Silove D. J. Nerv. Ment. Dis. 1999; 187(4): 200-207.

Affiliation

The Psychiatry Research & Teaching Unit, School of Psychiatry, University of New South Wales, Liverpool Hospital, Australia.

Copyright

(Copyright © 1999, Lippincott Williams and Wilkins)

DOI

unavailable

PMID

10221552

Abstract

Torture is a complex trauma that often occurs within the context of widespread persecution and human rights violations. In addition, the nature of modern warfare is such that whole populations are at risk of suffering extensive trauma, injustices, loss, and displacement.

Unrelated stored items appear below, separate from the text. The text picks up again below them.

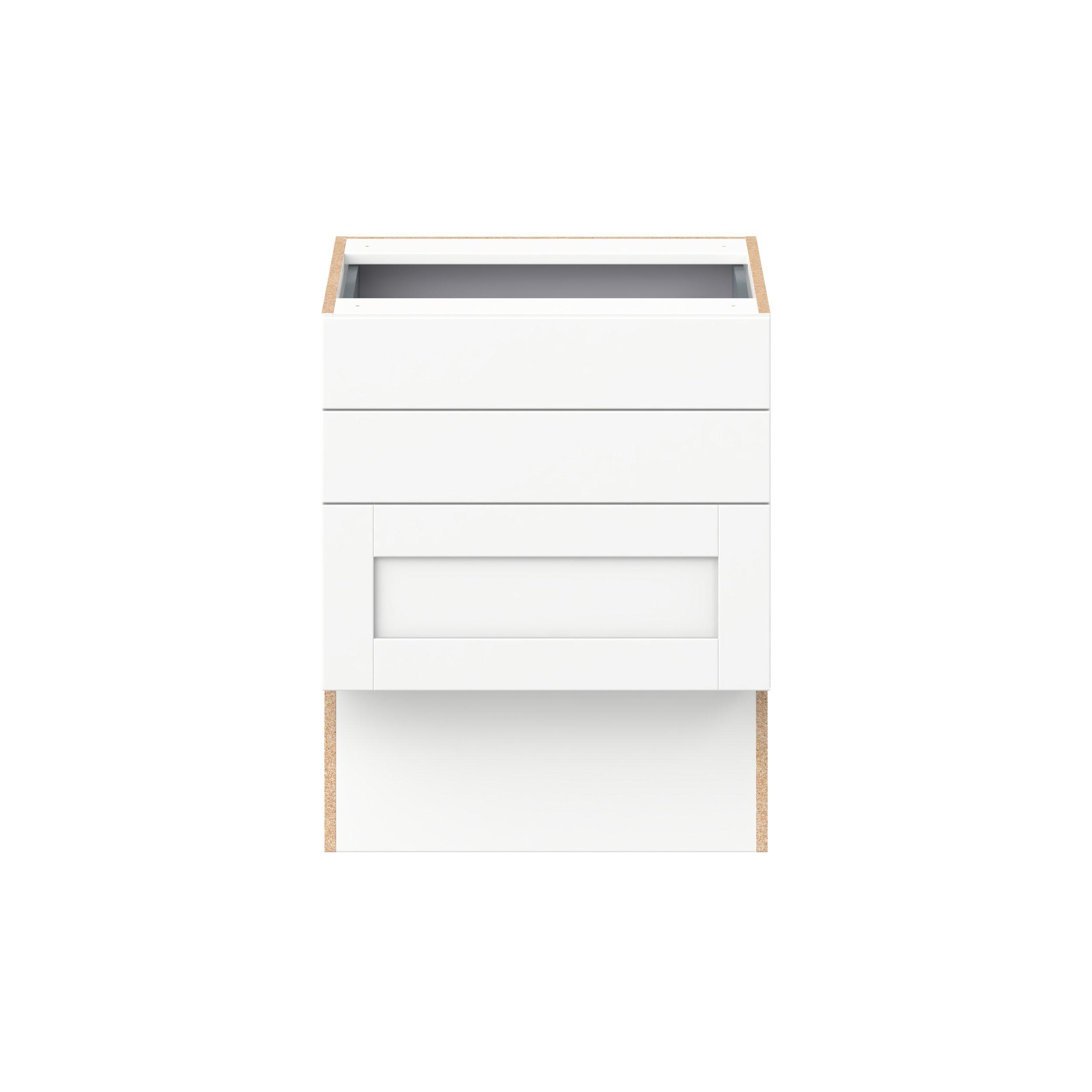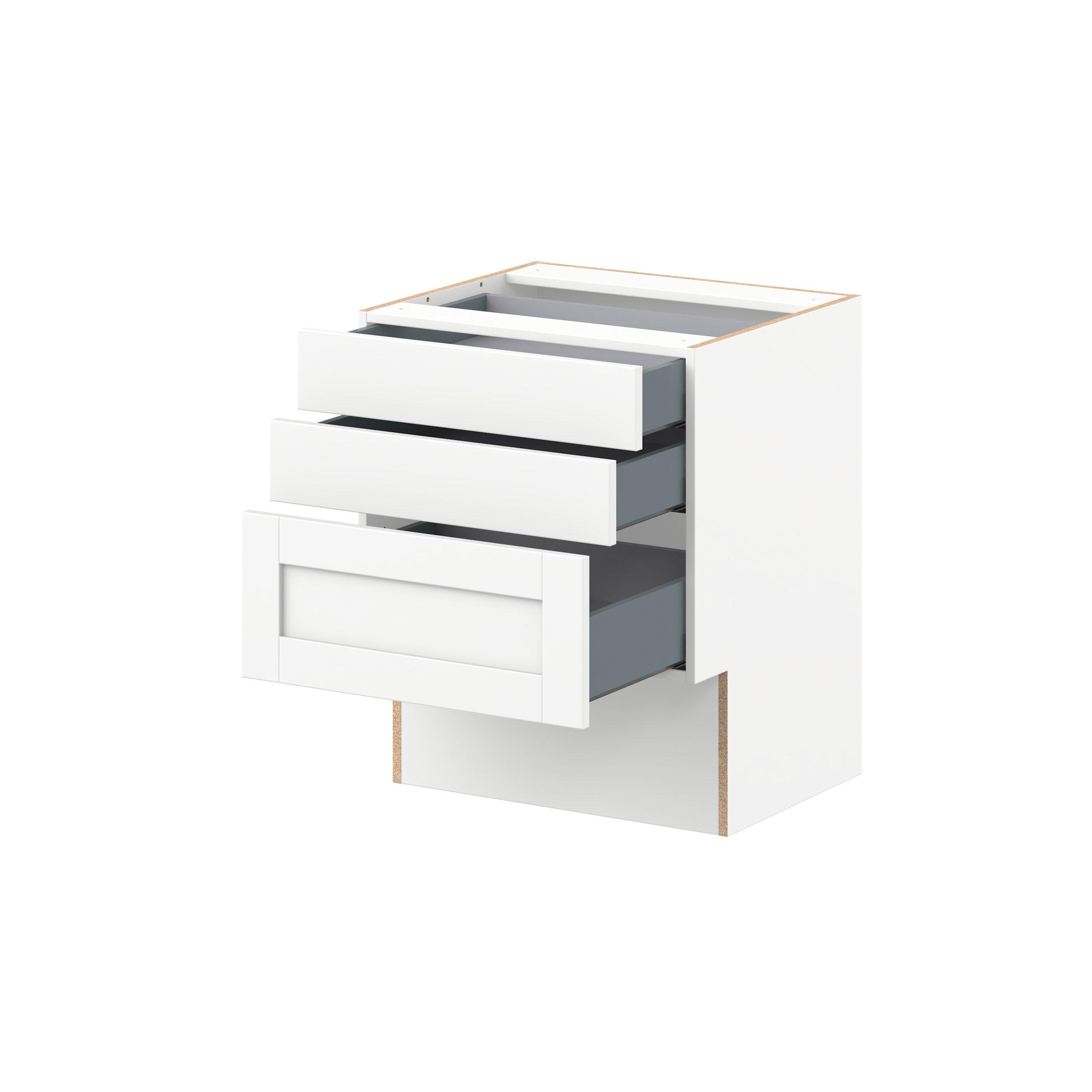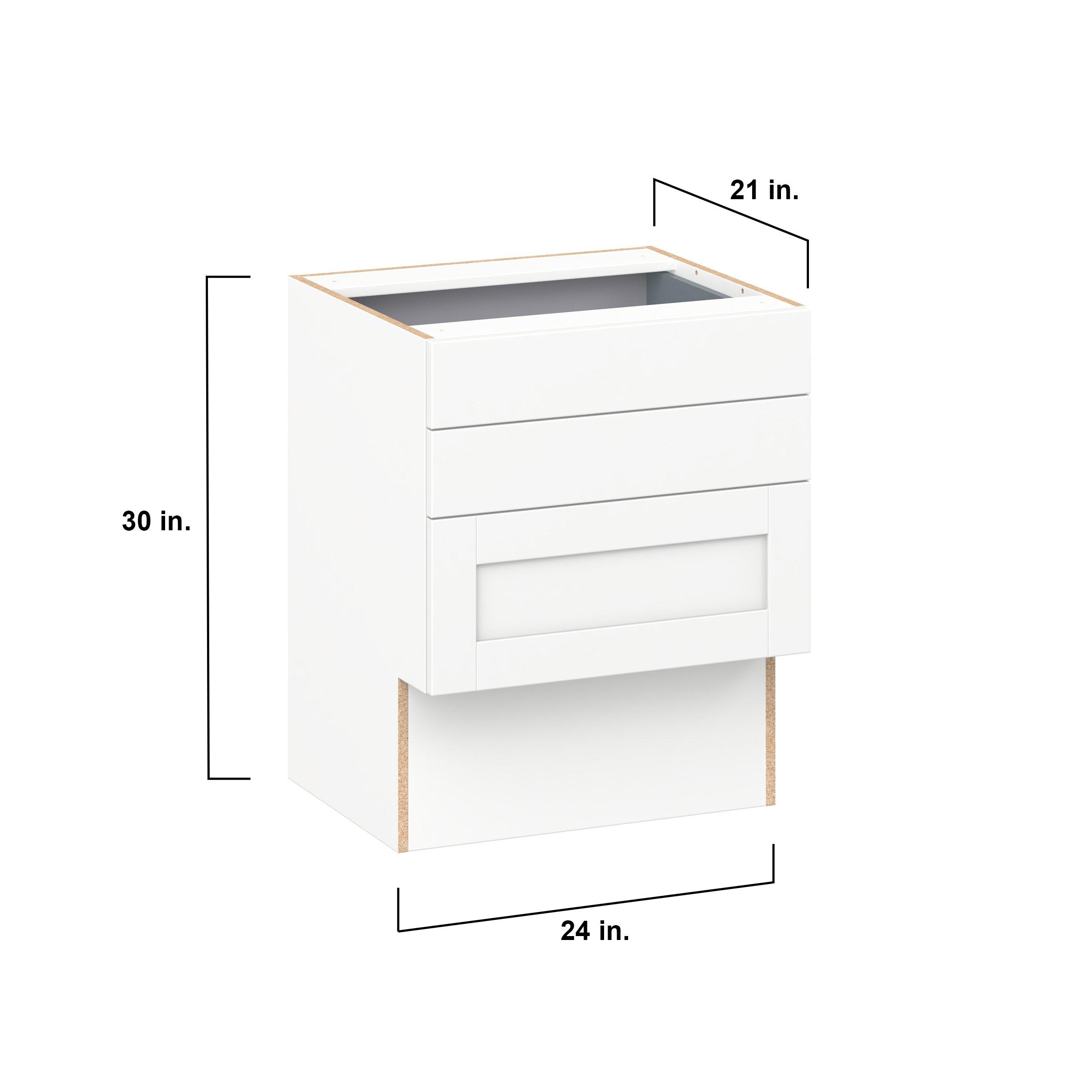 Enhance your home with the timeless beauty of Summerhill classic shaker cabinets, available in fresh bright white and neutral light gray colors. Crafted from one-piece MDF Studio Design Collection Summerhill 24 in. Bright White Vanity Drawer Base Cabinet is designed to resist hairline cracks while the easy-to-clean finish stands up to stains and moisture. Featuring 5-piece doors and dovetail drawer joints, these cabinets offer durability and elegance. This collection combines style with everyday storage solutions.
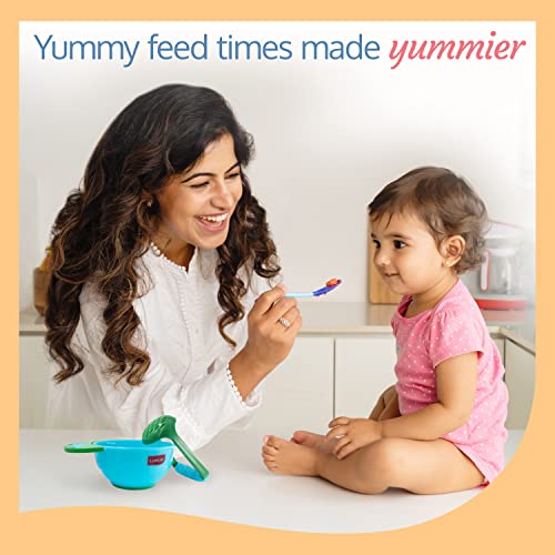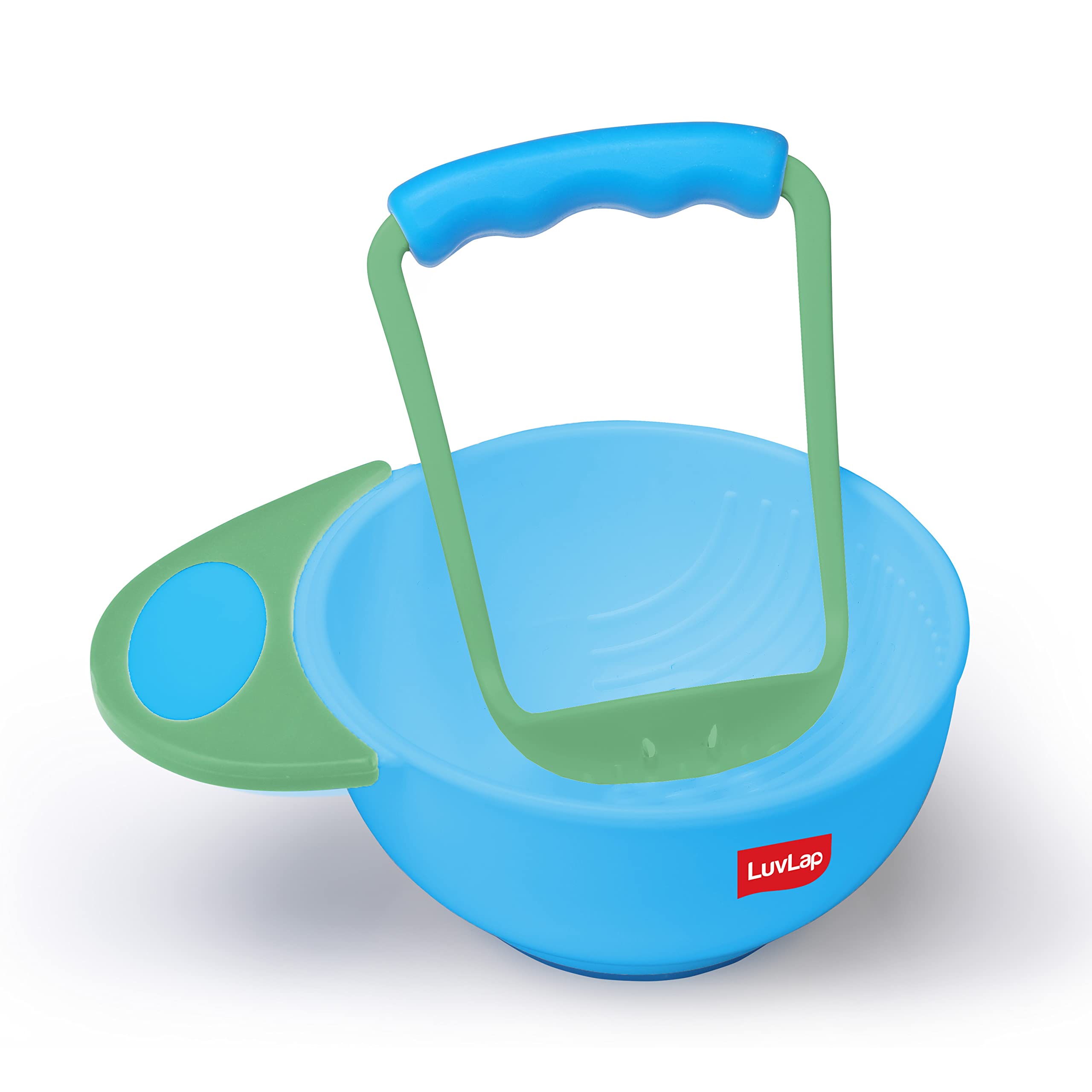 LuvLap Baby Food Grinding Cum Feeding Bowl, Portable Baby Food Masher & Serving Bowl for Baby weaning Food Preparation (Green & Blue)
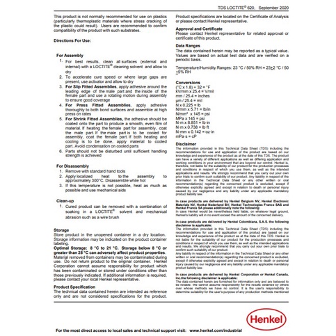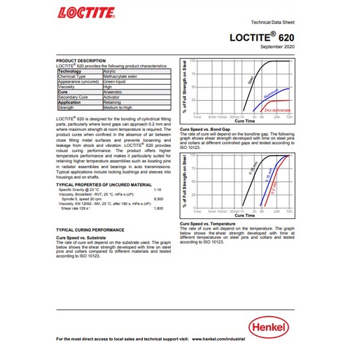LOCTITE 620 ( ล็อคไทท์ ) น้ำยาตรึงเพลา แรงยึดติดสูง ทนทานต่ออุณหภูมิสูง ขนาด 50 ml จัดจำหน่ายโดย Dura Pro
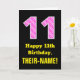 11th Birthday: Pink Stripes and Hearts "11" + Name Card
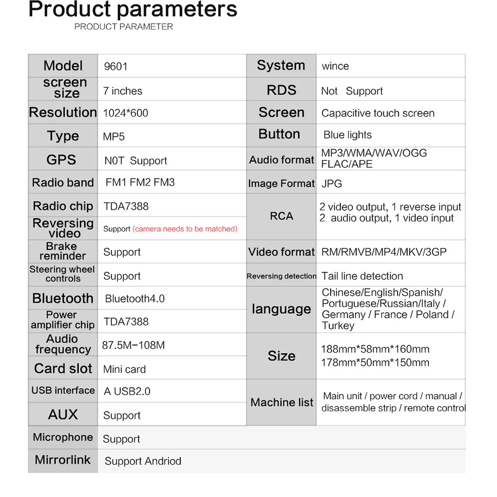 8. Поддержка воспроизведения аудио: DIS, MP3, WMA, ACC, OGG, WAV, RA, AC3, MP2, AMR и т. д.

Refugees, in particular, experience sequential stresses that may compound each other over prolonged periods of time. The present overview examines whether contemporary notions of trauma, and especially a focus on the category of posttraumatic stress disorder (PTSD), are adequate in assessing the multiple effects of such experiences. Recent studies are reviewed to indicate the strengths and limitations of current research approaches. Rates of PTSD in such studies have varied with relatively low rates being found in recent epidemiologic studies undertaken on refugee populations. It is suggested that a focus on intervening psychosocial adaptive systems may assist in delineating more clearly the pathways that determine whether traumatized persons achieve psychosocial restitution or are at risk of ongoing psychiatric disability. A model is proposed which suggests that torture and related abuses may challenge five core adaptive systems subserving the functions of "safety," "attachment," "justice," "identity-role," and "existential-meaning." It is argued that a clearer delineation of such adaptive systems may provide a point of convergence that may link research endeavors more closely to the subjective experience of survivors and to the types of clinical interventions offered by trauma treatment services.